2.3 Self-Evaluation Information Retriever

BioRAG incorporates a self-evaluation mechanism to continuously assess the sufficiency and relevance of the information it collects.

• Internal Information Retrieval: To effectively address the inherent complexities of biological knowledge systems, BioRAG employs an integrated approach that combines clearly defined hierarchies with indexed information to conduct comprehensive internal information retrieval. First, a M_textMeSH model is trained to predict the MeSH of the input question. Next, we fine-tune the Llama3-8B model using a template as shown in the figure below to classify the given question. A MeSH filtering SQL is constructed to generate conditional retrieval. If a candidate result has a consistent MeSH with the given question, it is considered relevant. Then, a vector retrieval process is employed to rank relevant results based on the cosine similarity of sentence embeddings between the input question and the filtered results.
• Self-Evaluation Strategy: To ensure the accuracy and timeliness of retrieved information, BioRAG introduces a self-evaluation strategy to assess the sufficiency of data collected from the internal knowledge base. Driven by a backend large language model, it aims to determine whether the internally retrieved information is adequate to address the posed question. If internal content is insufficient, the model will revert to relevant external knowledge sources. Additionally, when the initial evaluation indicates that a scientific question requires broader searches or specific entity data retrieval, the model tends to utilize external tools. This approach supports the framework’s goal of providing precise, up-to-date, and comprehensive answers, aiding better decision-making and advancing research and applications in life sciences.

2.4 Prompts

To maximize the utility of the retrieved corpus and knowledge, a series of prompts have been specifically designed in BioRAG. The prompts are defined as follows:

• Prompt #1: To provide the most helpful and accurate response to the following Question: {Question}. You have been given descriptions of several RETRIEVAL METHODS: {Retrieval}. Please select the RETRIEVAL METHODS you consider the most appropriate for addressing this question.
• Prompt #2: Based on the RETRIEVAL METHODS you selected, and considering the Question and the Input Requirements of the retrieval method, please REWRITE the search query accordingly.
• Prompt #3: Now, using the rewritten QUERY and the retrieval FILTER methods, perform a logical combination to execute the search effectively.
• Prompt #4: Based on the RETRIEVAL RESULTS from the above steps, please evaluate whether the RESULTS support answering the original Question. If they do not support it, output “NO”. If they do support it, output “YES”.
• Prompt #5: Based on the RETRIEVAL RESULTS, perform comprehensive reasoning and provide an answer to the Question.

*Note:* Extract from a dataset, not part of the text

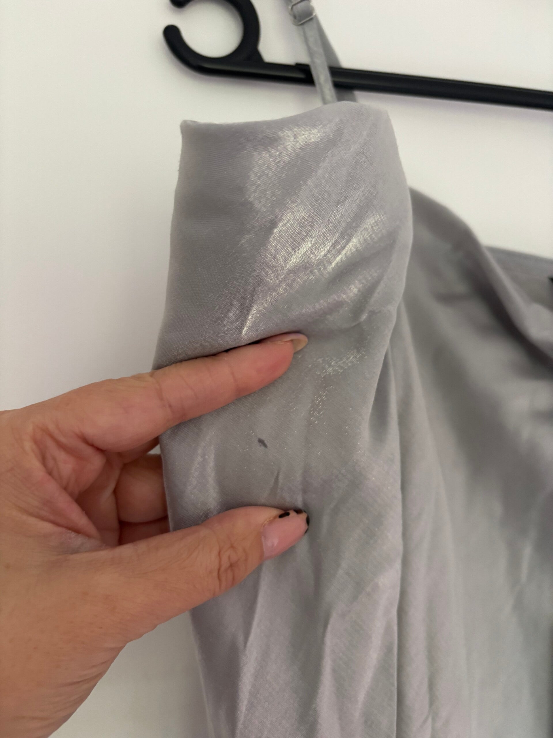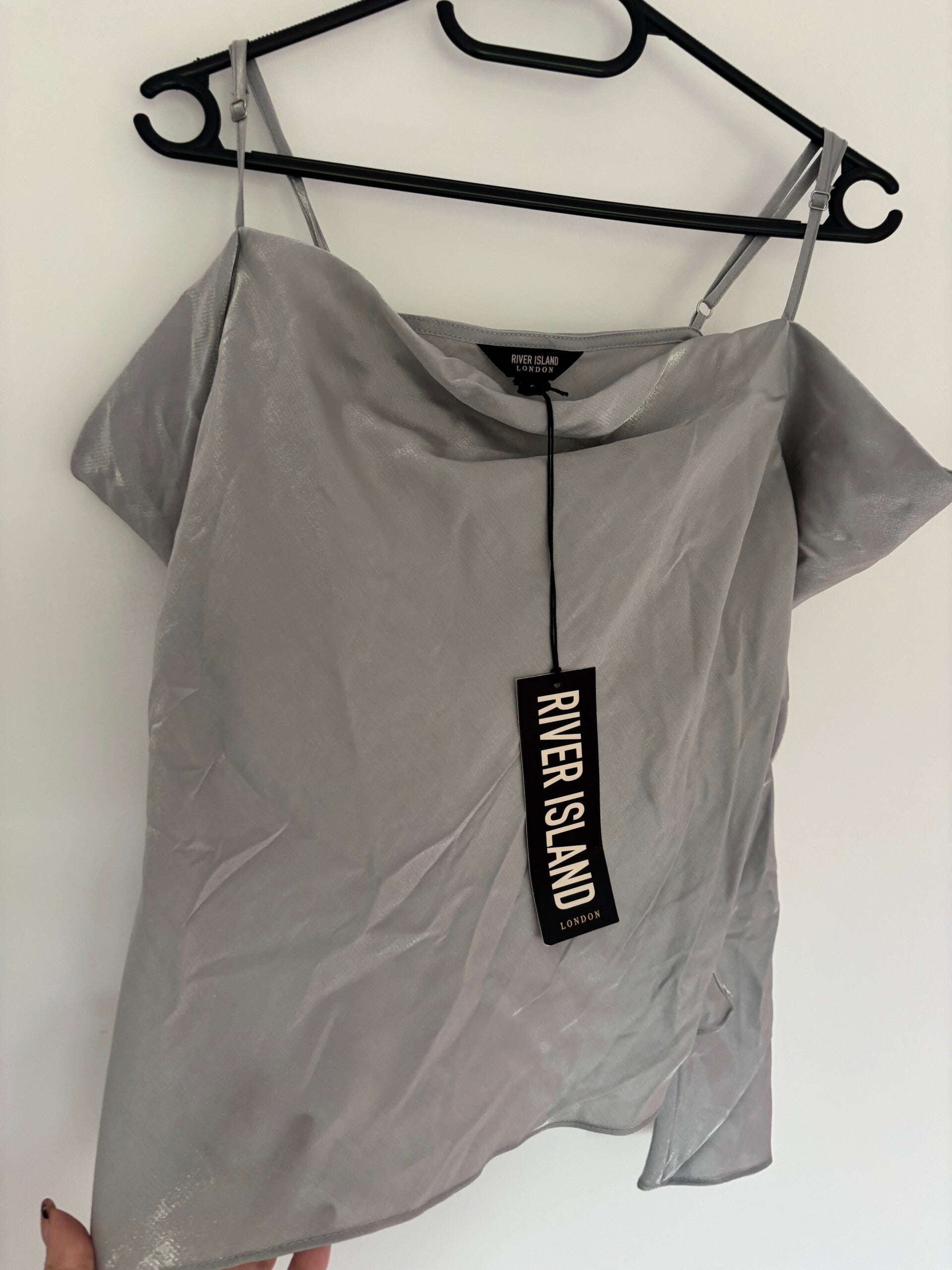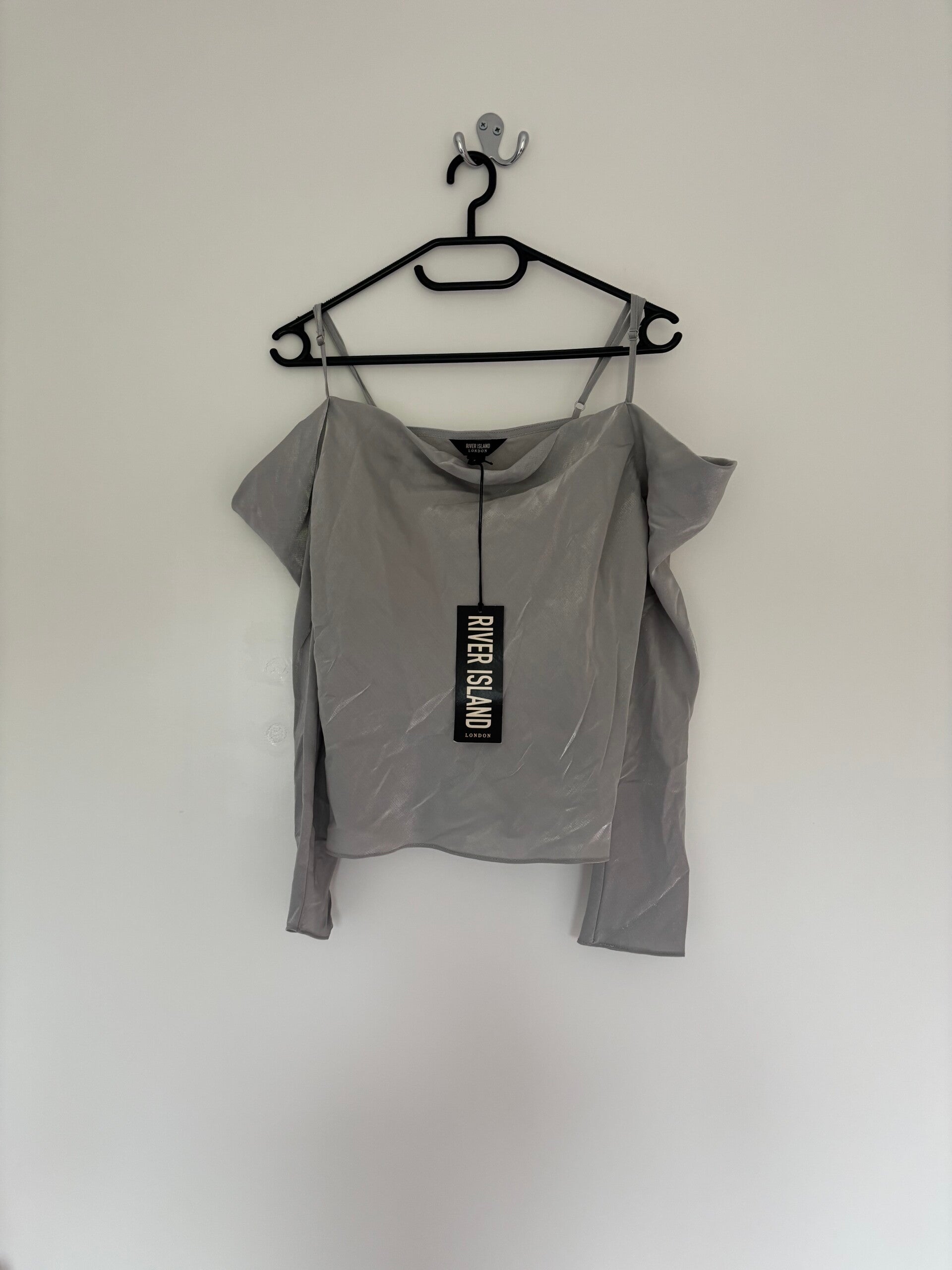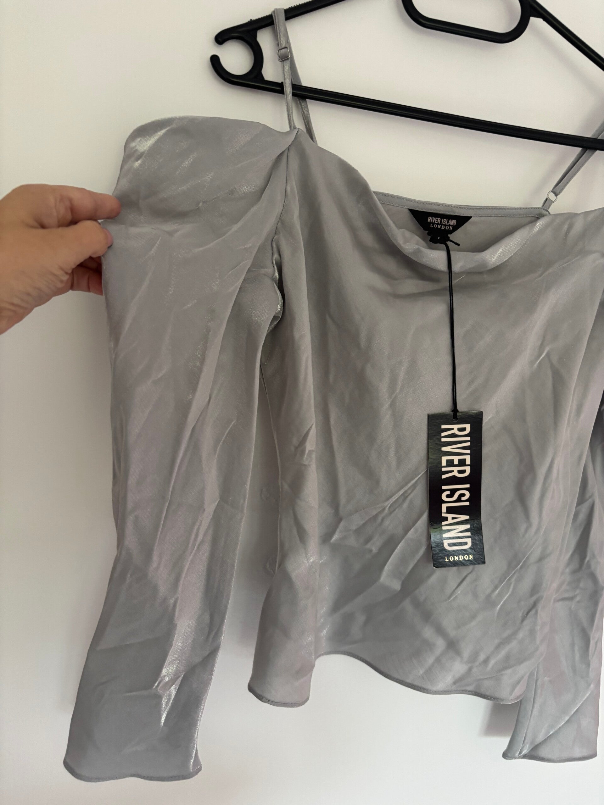River Island Long Off Shoulder Sleeve Silver Shimmer Blouse

In addition, a series of operation manuals have been compiled for professional biological tools and databases to maximize their capabilities. Specific operational instructions are as follows:

• Manual # Gene: The gene database search engine is a valuable resource for obtaining comprehensive information about genes, covering gene structure, function, and related genetic events. It is particularly suitable for answering detailed questions about gene research and discoveries. To use this search engine effectively, please enter the specific gene name.
• Manual # dbSNP: The dbSNP database search engine is a key tool for obtaining detailed information about single nucleotide polymorphisms (SNPs) and other genetic variations. It is especially suitable for answering questions about genetic diversity, allele frequencies, and related genetic studies. To use this search engine effectively, please enter the specific SNP identifier or genetic variation name.
• Manual # Genome: The genome database search engine is an essential tool for accessing comprehensive information about entire genomes, including sequences, annotations, and functional elements. It is particularly suitable for answering complex questions about genome structure, variations, and comparative genomics. To use this search engine effectively, please enter the specific genome name or identifier.
• Manual # Protein: The protein database search engine is a key resource for obtaining detailed information about proteins, including sequences, structures, functions, and interactions. It is particularly suitable for answering questions about protein biology, biochemical properties, and molecular functions. To use this search engine effectively, please enter the specific protein name or identifier.
• Manual # Web Search: The web search engine is a powerful tool designed to quickly and effectively help you find information about current events. It is particularly suitable for obtaining the latest news, updates, and developments on various topics. To use this search engine effectively, simply enter a relevant search query.
• Manual # PubMed: The PubMed local vector database search engine is an advanced tool that employs vector-based search technology to retrieve biomedical literature and research articles. It is particularly useful for answering detailed questions about medical research, clinical studies, and scientific discoveries. To use this search engine effectively, the input should be a specific query or topic of interest.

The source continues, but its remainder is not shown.